Navegue no menu abaixo

Prémio José Figueiredo 2011

"José Malhoa - Tradição e Modernidade" - Nuno Saldanha

Nuno Saldanha é professor do IADE e membro da UNIDCOM. Venceu o "Prémio José de Figueiredo 2011" com a obra "José Malhoa - Tradição e Modernidade", atribuído pela Academia Nacional de Belas Artes, que premeia o melhor Livro de Arte de 2010.

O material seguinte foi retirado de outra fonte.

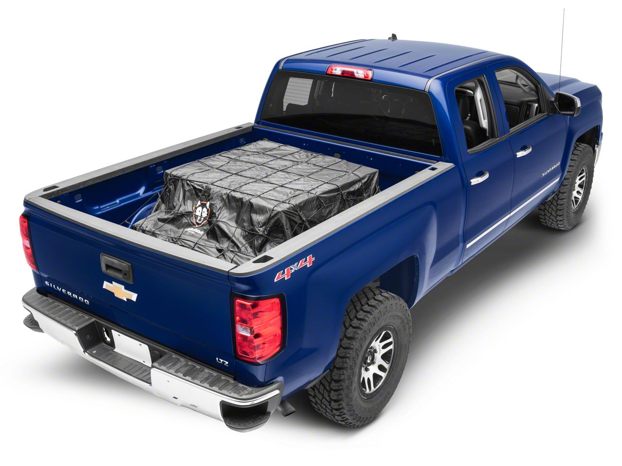 Maximum Cargo Protection. Eliminate the problem of tangled cargo nets and bulky tarps with Rightline Gear Truck Bed Cargo Net with Built-In Tarp. This bungee-style cargo net is attached to a tough lightweight tarp that gets rid of net tangling and secures cargo to your Silverado 1500' bed, while keeping it dry. Relocatable hooks adjust the size and tension, while angled attachment points allow the cargo net to be individually stretched in all directions for a tighter and more secure fit.
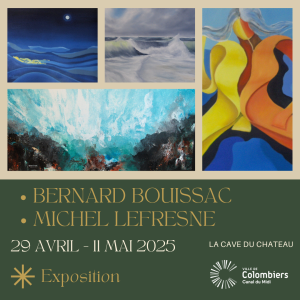 Exposition – Peintures Maison de Tourisme à Colombiers – La cave du Château Ouvert du mardi au dimanche de 09h30 à 12h30 et de 15h00 à 18h00 – fermé le lundi Du 29 Avril – 11 Mai 2025 Pour plus d’informations : 04.67.37.00.90 #villedecolombiers #bernardbouissac #michellefresne #artiste #sculpteur #iloveart #artcollector #oilpainting #instaart #sculpture #tableau #peinture…

O livro foi editado pala Scribe - Produções Culturais, Lda. Visa o estudo de uma das personagens mais carismáticas e incontornáveis no panorama da História da Arte Portuguesa oitocentista. "Uma das mais idolatradas, mas também das mais controversas, nomeadamente no epíteto dado, do "mais português dos pintores portugueses".

Sobre a Obra:

Esta obra visa o estudo de uma das personagens mais carismáticas e incontornáveis no panorama da História da Arte Portuguesa oitocentista. Uma das mais idolatradas, mas também das mais controversas, nomeadamente no epíteto dado, do "mais português dos pintores portugueses". Apesar da popularidade da sua figura, e da extensa fortuna crítica que a ele lhe tem sido dedicada, Malhoa carecia ainda de um estudo sistemático global, e de contextualização, quer a nível nacional, como sobretudo internacional, no sentido de compreender a eventual especificidade da sua obra, e personalidade. Pretendeu-se realizar uma análise detalhada e sistemática da sua vida e obra, não apenas desconstruindo esse "mito da portugalidade", como também, perceber os moldes em que se desenvolveu a sua produção pictórica, através das ideias, dos modelos, influências e resultados, numa obra profusamente ilustrada com cerca de 300 fotografias.

 Sobre o Prémio:

José de Figueiredo foi o primeiro director do Museu Nacional de Arte Antiga. A Academia Nacional das Belas-Artes em homenagem ao seu primeiro director, atribui um prémio com o seu nome, aos melhores livros publicados em Portugal sobre arte e património. Prémio José de Figueiredo da Academia Nacional de Belas Artes - foi  criado em 1940 para evidenciar a investigação na área da história da arte e património, o Prémio José de Figueiredo - cujo nome é uma homenagem ao primeiro director da Academia - foi atribuído pela primeira vez ao escultor Diogo de Macedo e, ao longo de quase setenta anos, foram distinguidos, entre outros investigadores, Santos Simões (Azulejaria), Matos Sequeira (inventários artísticos de Santarém e Leiria), Aires de Carvalho (Barroco), Pedro Dias (Manuelino), José Augusto França, e Vítor Serrão."